THE NEURAL NETWORK ZOO
POSTED ON SEPTEMBER 14, 2016 BY FJODOR VAN VEEN
? ? ? ?With new neural network?architectures popping up every now and then, it’s hard to keep track of them all. Knowing all the abbreviations being thrown around (DCIGN, BiLSTM, DCGAN, anyone?) can be a bit overwhelming at first.
? ? ? ?隨著新神經網絡體系結構的不斷涌現,很難對它們進行跟蹤。知道所有的縮寫(DCIGN, BiLSTM, DCGAN,還有其它更多的一些?)一開始可能有點壓倒性。
? ? ? ?So I decided to compose a cheat sheet containing?many of those?architectures. Most of these?are neural networks, some are completely different beasts. Though all of these architectures are presented as novel and unique,?when I drew?the node structures…?their underlying relations started to make more sense.
? ? ? ?因此,我決定編寫一個包含許多這樣的體系結構的備忘單。其中大部分是神經網絡,有些則是完全不同的beasts。雖然所有這些架構都是新穎獨特的,但當我繪制節點結構時……它們的底層關系開始變得更有意義。
? ? ? ?One problem with drawing them as node maps: it doesn’t really show how they’re used. For example, variational autoencoders (VAE) may look just like autoencoders (AE), but the training process is actually quite different. The use-cases for trained networks differ even more, because VAEs are generators, where you insert noise to get a new sample. AEs, simply map whatever they get as input to the closest training sample they “remember”. I should add that this overview is?in no way clarifying how each of the different node types work internally (but that’s a topic for another day).
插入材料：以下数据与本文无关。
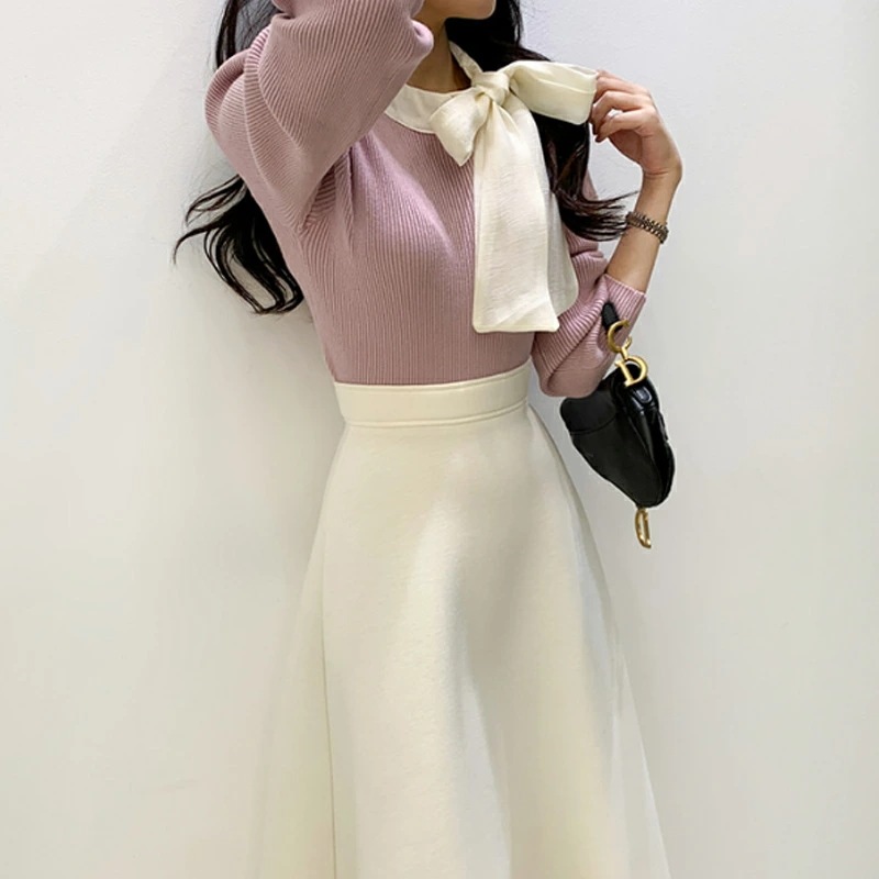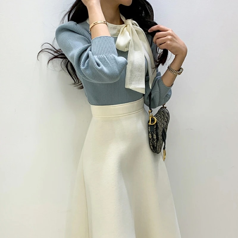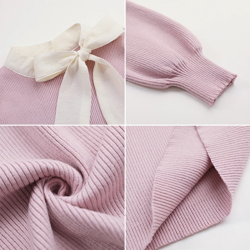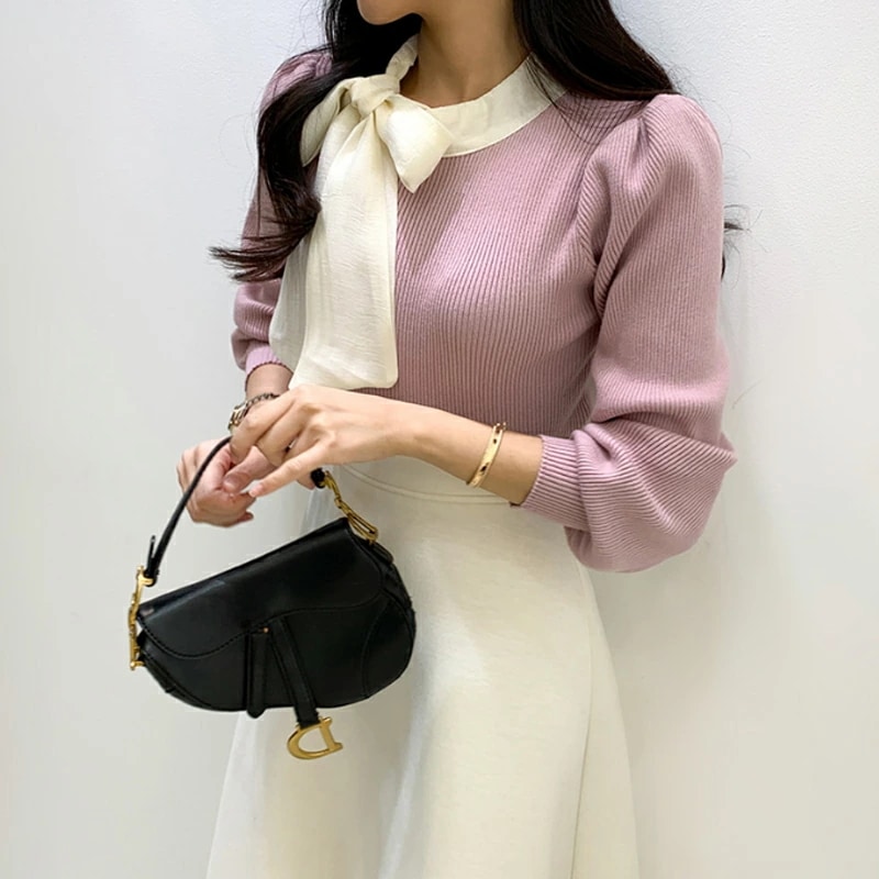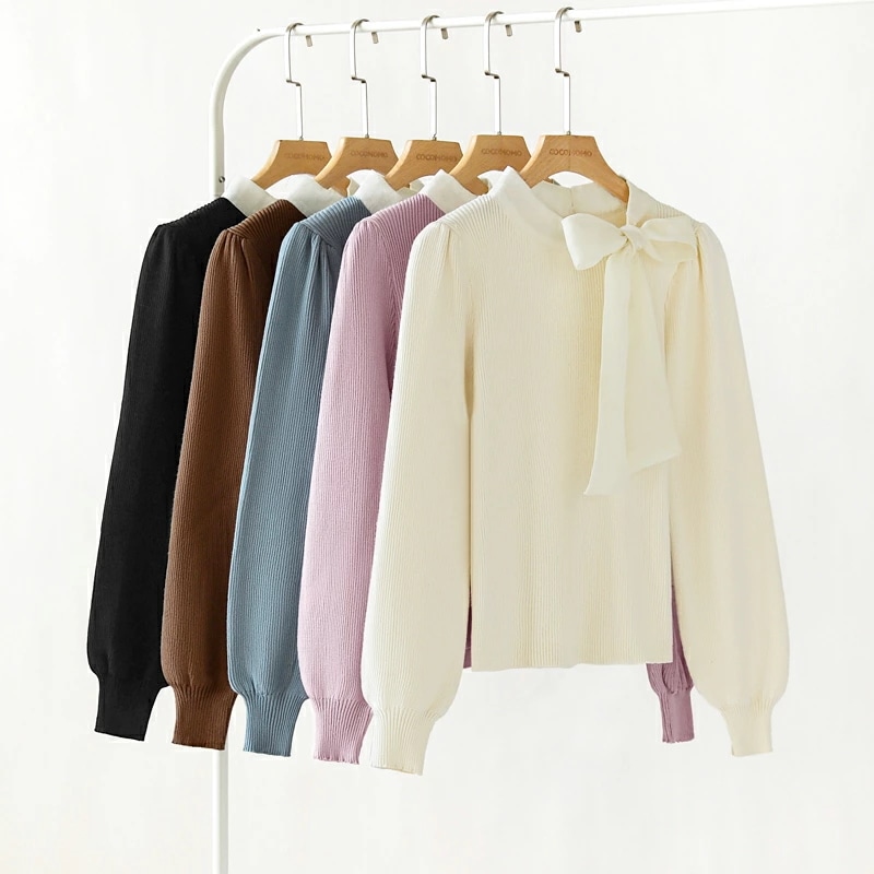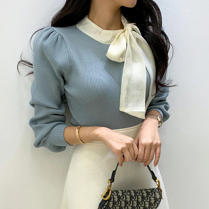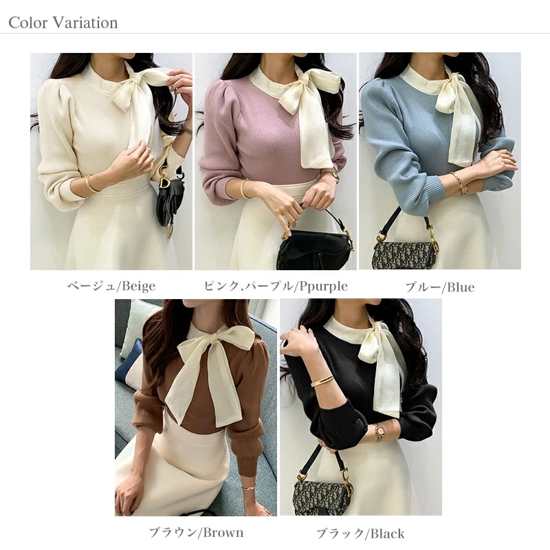 パフスリーブニット リボンタイ リブニット ニット パフスリーブ 長袖 レディース リボン ボウタイ トップス ボリューム袖 パワショル きれいめ ハイネック バイカラー
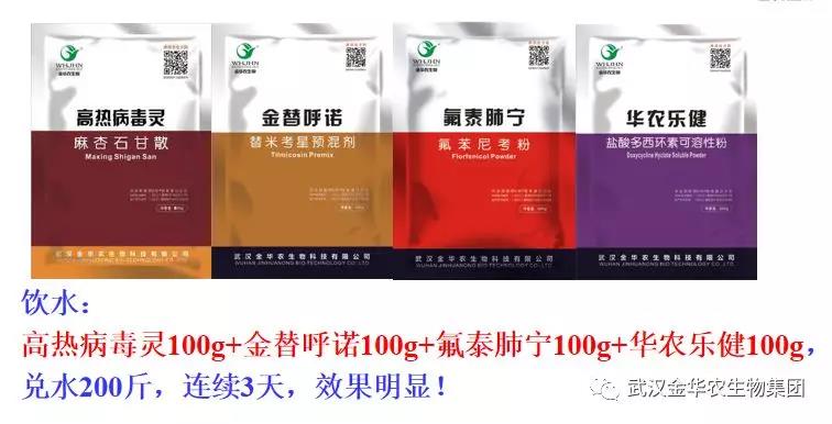 1、【白天控水】,集中4小時(shí)內(nèi)喝完,飲水:高熱病毒靈100克+金替呼諾100克+氟泰肺寧100克+華農(nóng)樂(lè)健100克,兌水200斤,連續(xù)3天,效果明顯!
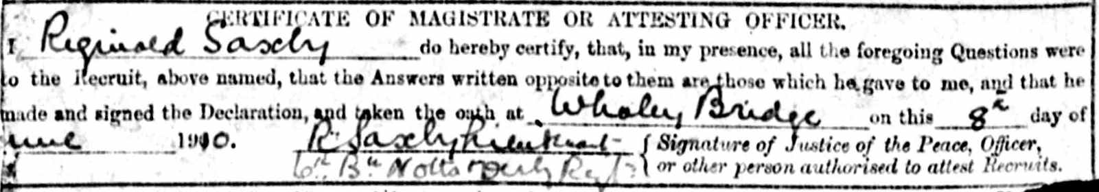 Reginald Saxby, Lieutenant, 6th Notts & Derby
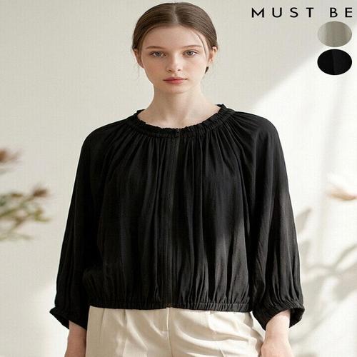 [머스트비]여성 셔링 넥라인 집업 자켓
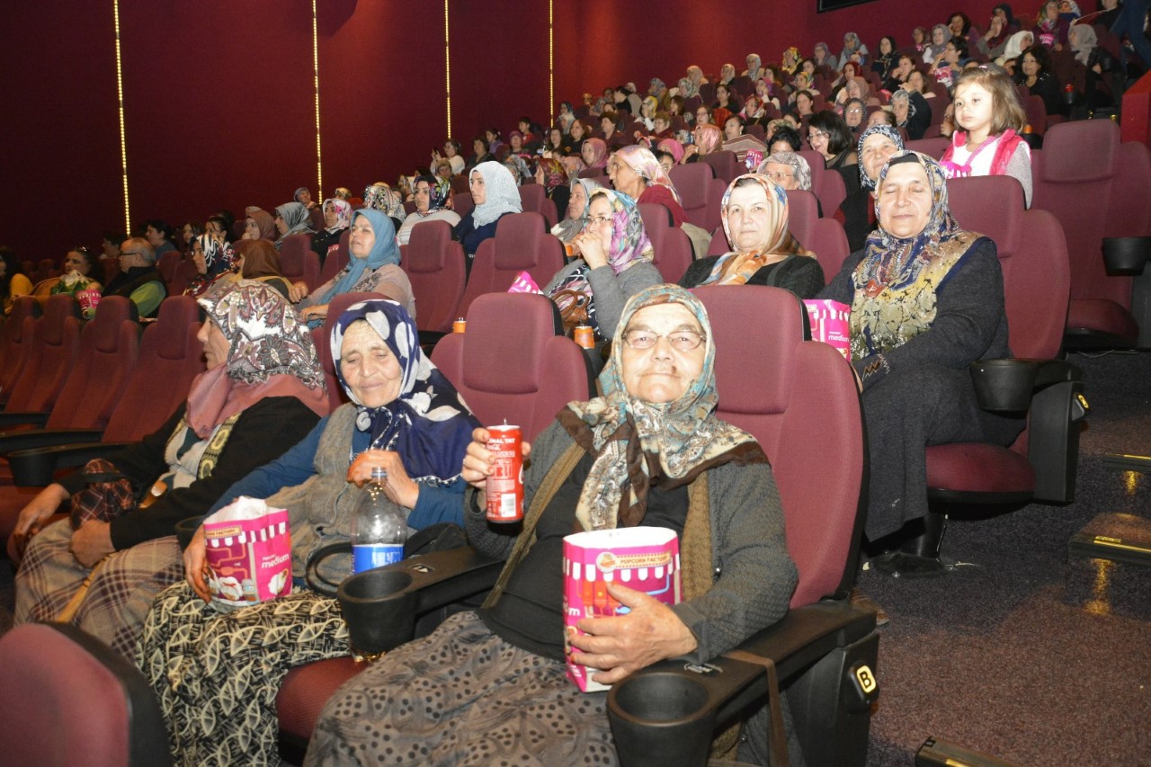 Aralarında ilk kez sinemaya gelen kadınlarında bulunduğu gruba ikramlarda bulunuldu.
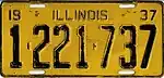 1937 Black on yellow with border line; "19 - ILLINOIS - 37" at top none 1-234-567 1 to approximately 1-569-000
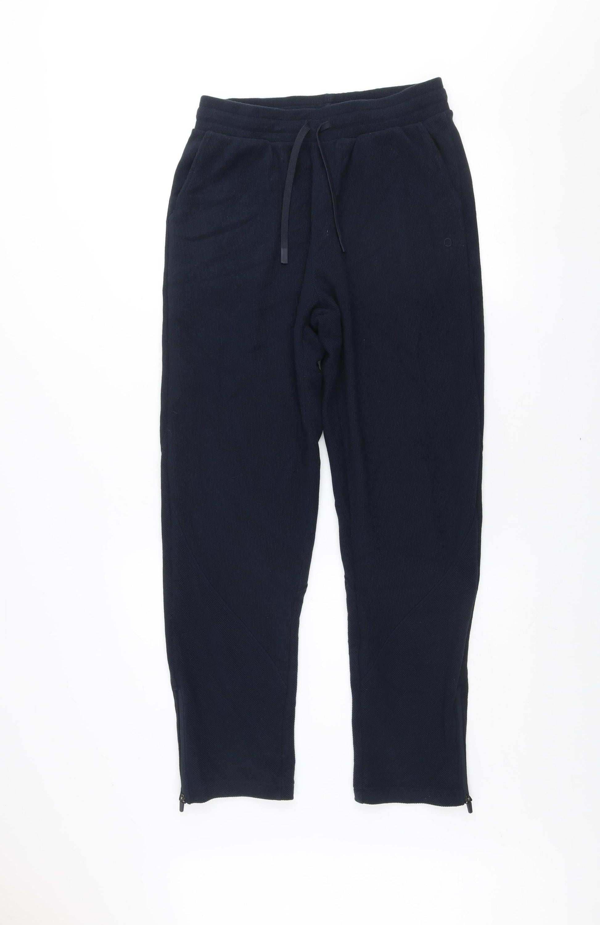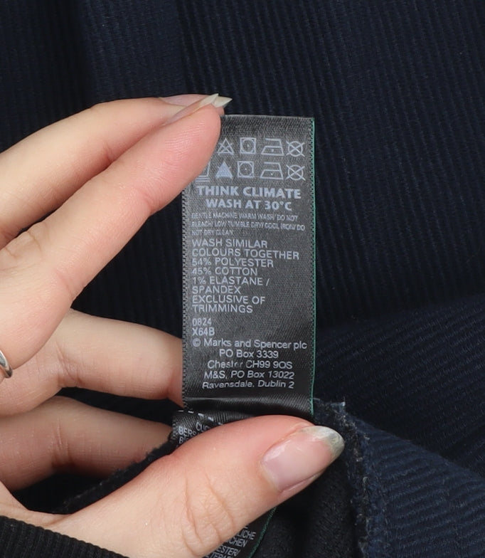 Step into effortless comfort and timeless style with these Marks and Spencer women’s black track pants. Designed in a tapered fit, they combine classic activewear utility with everyday comfort—perfect for a gym session, walk, or a relaxed day at home. Crafted from a soft and breathable blend of polyester, cotton, and elastane, they offer just the right amount of stretch while maintaining structure and warmth. The midweight knit fabric feels substantial and cosy against the skin, making these trousers ideal for autumn through spring seasons.A practical elasticated waistband with an adjustable drawstring ensures a custom fit, allowing flexibility for a range of activities. The zip detailing at the ankle adds a sporty touch, while also offering ease when wearing trainers. The minimal design—without any patterns or logos—keeps the look sleek and versatile, making it effortless to pair with your favourite tops, hoodies, or lightweight jackets.Whether you’re heading out for a jog, a yoga class, or simply running errands, these trousers provide the durability and ease you’d expect from Marks and Spencer’s quality craftsmanship. Their regular fit offers freedom of movement without compromising on a flattering silhouette. Easy to care for, they’re machine washable at 30°C, staying soft and in shape after each wash.Conditioned in excellent pre-loved state, these trousers have minimal signs of wear and retain their structure beautifully. With a versatile black shade that complements any wardrobe palette, these track pants bring comfort, performance, and understated style together seamlessly. Perfect for those seeking both practicality and style in their activewear, they prove to be a reliable staple that will effortlessly find its place in your everyday rotation.
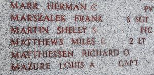 Capt Louis A. Mazure enlisted on 15 August 1941 at Fort Benjamin Harrison, Indiana and has been in England since September, 1943. Captain Mazure was squadron operations officer and command pilot during a part his of his service overseas.Capt Mazure was piloting this aircraft, flying lead for the 489th BG. The primary target was reported to be coastal installations at Boulogne-sur-Mer but actually was a V-1 Site, Wimereaux, North Boulogne. Departing the immediate area, they flew south, circled and flew parallel to the coastline, at the same altitude and airspeed, but as the enemy gunners had zeroed in on them, the first flak burst exploded off their port wing. Capt Mazure was killed when shrapnel sliced in under his helmet, and struck him in the head. Lt Carper, the co-pilot, immediately took over the controls.
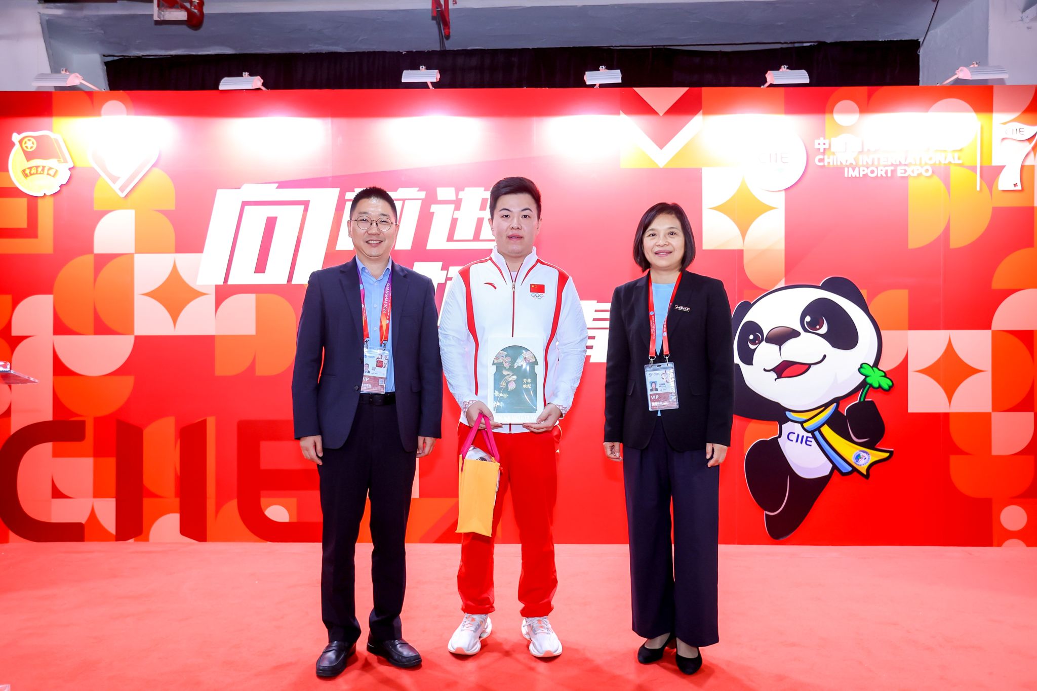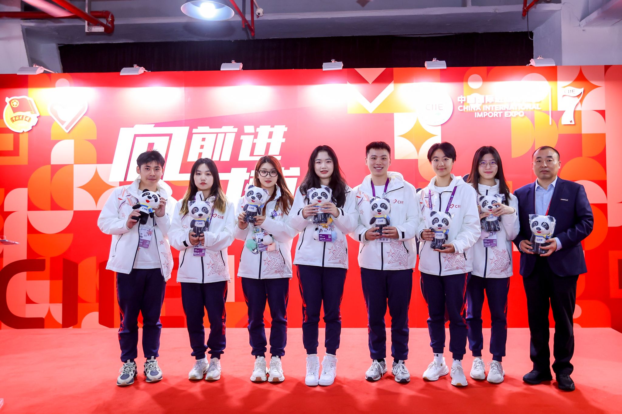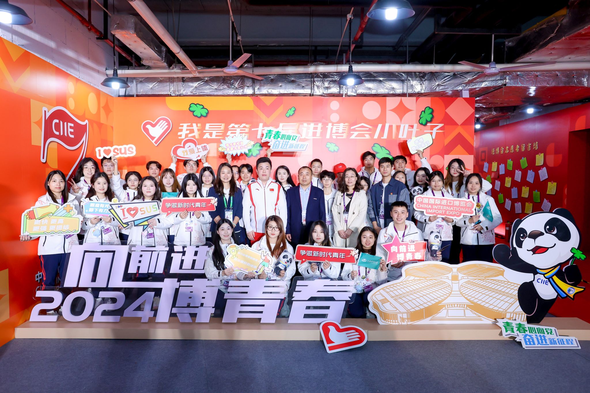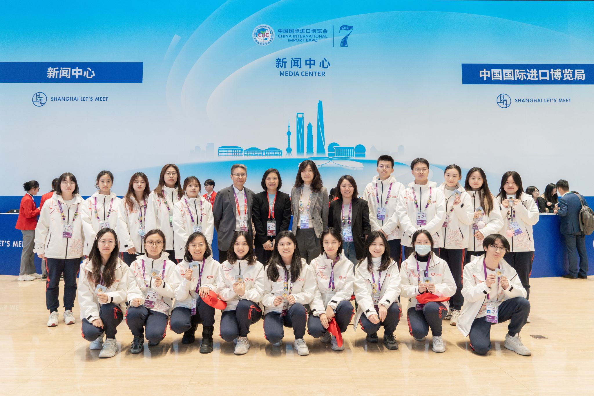 本网讯 11月5日至10日,第七届中国国际进口博览会在上海国家会展中心盛大举行。此次进博会不仅吸引了全球的目光,也成为了我校志愿者们展现青春风采和服务精神的舞台。11月6日,jnh今年会网站党委副书记、校长毛丽娟,党委副书记、副校长王继红来到国家会展中心,慰问我校进博会志愿者并参与了从“奥运五环”到“进博四叶草”微党课活动。党校办主任徐畅,学(研)工部、武装部部长王丽娜,团委书记、学(研)工部副部长刘佳瑜,竞技运动学院党委副书记、副院长庄娜等陪同。
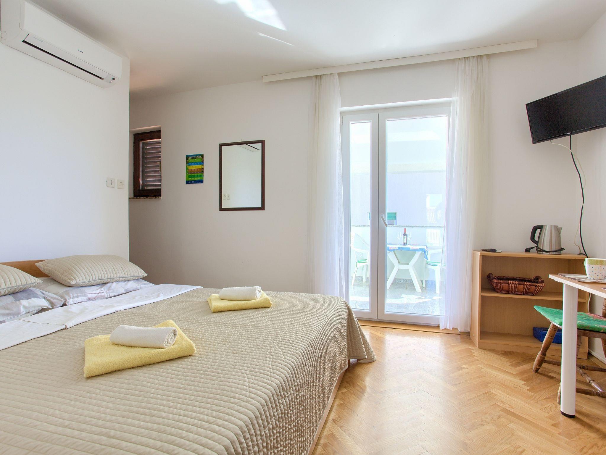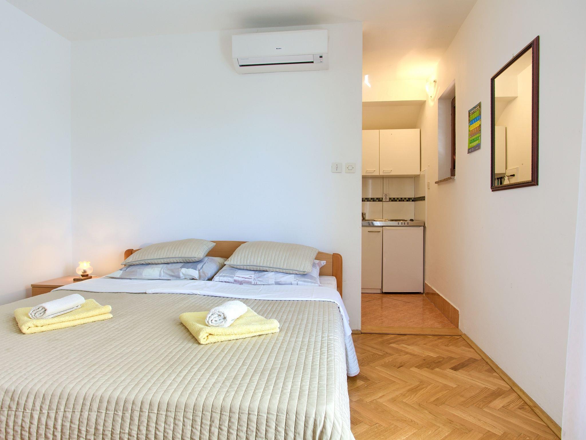 Studio bietet Platz für 2 Gäste. Die Betten sind in Schlafzimmern, die es 1 gibt, innerhalb einer Gesamtfläche von 21m2, angeordnet. Die Gäste haben eine eigene Terrasse zur Verfügung, auf der sie in warmen Sommernächten genießen können. Es ist erlaubt, Speisen auf dem Gemeinschafts-Grill vorzubereiten. In der Unterkunftseinheit besteht die Möglichkeit des Mitbringens von Haustieren gegen Aufpreis. IM PREIS INBEGRIFFEN: Kurtaxe, Endreinigung, Klimatisierung, Parkplatz, Internet. VERBINDLICHE ZUSÄTZLICHE KOSTEN: Aufzahlung für Kurzaufenthalte (prozentualer Zuschlag pro Nächtigungsanzahl: 30% - 1, 20% - 2, 10% - 3). UNVERBINDLICHE ZUSÄTZLICHE KOSTEN: Haustiere (10,00 € pro Nacht). Die Verfügbarkeit zusätzlicher Dienstleistungen in Ihrem reservierten Termin und die Preise derselben (falls nicht aufgeführt) müssen im Voraus überprüft werden. Zusätzliche Dienstleistungen die in der Zahlungsaufforderung nicht aufgeführt sind werden direkt beim Vermieter bezahlt, angenommen der Gast nutzt auch diese.
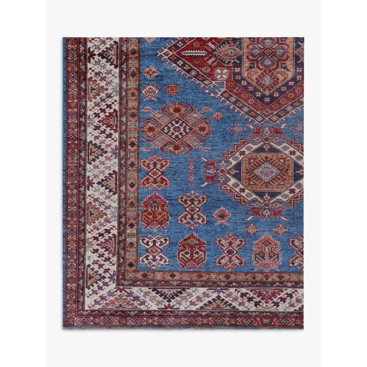 A selection of truly unique and totally individual traditional hand-knotted rugs, this range from Gooch Oriental showcases rugs created by different artisans across town and village locations across the world, including traditional Persian creations. Each piece is carefully selected by the Gooch Oriental team to ensure it's authenticity, quality and finish. Each one is knotted by hand, an intricate process using traditional hand knotting techniques. As such, no two pieces are the same, meaning you can add an authentic and unique piece of crafted design into your home, whilst supporting this heritage industry. The supreme Kazak design is mainly made by the Hazara Tribes of Afghanistan. The design and patterns of Kazak rugs are taken from old Caucasian rugs (Caucasian carpets are from the areas south, east and north of the mountain chain of the Caucasus, Russia). The wool yarns used are all hand spun and dyed using only natural dyes such as cochineal and indigo, which adds to their dramatic and vibrant appearance. Once dyed and hand knotted on a cotton warp base in Afghanistan the rugs are then transported over to Pakistan where they are expertly finished including washing and trimming. The method used to hand make a Kazak rug is called ChappatBaft or Flat woven. Kazak rug weavers are faithful in using traditional bold colour and design mainly with geometrical motifs including a mixture of diamond and circle shapes as well as representations of animals, people and nature. In 1sqm of a Supreme Kazak rug there would be around 160000 + knots giving a fine-density pile. The benefits of a wool rug Warm and durable, wool feels beautifully soft underfoot and is long-lasting Naturally flame-retardant and odour resistant Water repellent so easier to clean Naturally biodegradable, wool is part of the circular economy and contains no micro plastics This rug has been knotted by hand, the oldest and most individual way a rug can be made. This involves an intricate process of weaving by hand on a loom where yarns are tied one at a time, giving the rug a durable construction. About your new rug We recommend John Lewis & Partners Rug Hold Underlay. It prevents your rug from moving underfoot and protects against colour transfer to the floor As this rug is made using natural fibres, shedding is to be expected. This will reduce over time, and should not have an impact on the lifespan or performance of your rug. When you first get your rug, please use the brush attachment on your vacuum cleaner whilst the shedding dies down. After that, when vacuuming your rug, use suction only. Rotating brushes may damage the fibres. When vacuuming your rug, use suction only. Rotating brushes may damage the fibres Blot any spills with a clean, dry cloth. Do not rub or use harsh detergents. Textile backed Attend to spillages immediately and blot with a clean, dry cloth to prevent staining. Dilute a small amount of appropriate carpet shampoo in water. Dampen a colourfast cloth in the diluted shampoo solution and dab the rug, lightly agitating, moving in the direction of the pile. Treat the whole rug and not just the affected area. To restore the appearance of the affected area, use a soft bristled brush to gently comb in the direction of the pile. Allow the rug to thoroughly dry.

? ? ? ?將它們繪制為節點映射有一個問題:它并沒有真正顯示如何使用它們。例如,變分自編碼器(VAE)可能看起來就像自編碼器(AE),但是訓練過程實際上是非常不同的。經過訓練的網絡的用例差別甚至更大,因為VAEs是生成器,您可以在其中插入噪聲以獲得新的樣本。AEs,簡單地將他們得到的輸入映射到他們“記得”的最近的訓練樣本。我應該補充一點,這個概述并沒有闡明每種不同的節點類型如何在內部工作(但這是另一個主題)。
? ? ? ?It should be noted that while most of the abbreviations used are generally accepted, not all of them are. RNNs sometimes refer to recursive neural networks, but most of the time they refer to recurrent neural networks. That’s not the end of it though, in many places you’ll find RNN used as placeholder for any recurrent architecture, including LSTMs, GRUs and even the bidirectional variants. AEs suffer from a similar problem from time to time, where VAEs and DAEs and the like are called simply AEs. Many abbreviations also vary in the amount of “N”s to add at the end, because you could call it a convolutional neural network but also simply a convolutional network (resulting in CNN or CN).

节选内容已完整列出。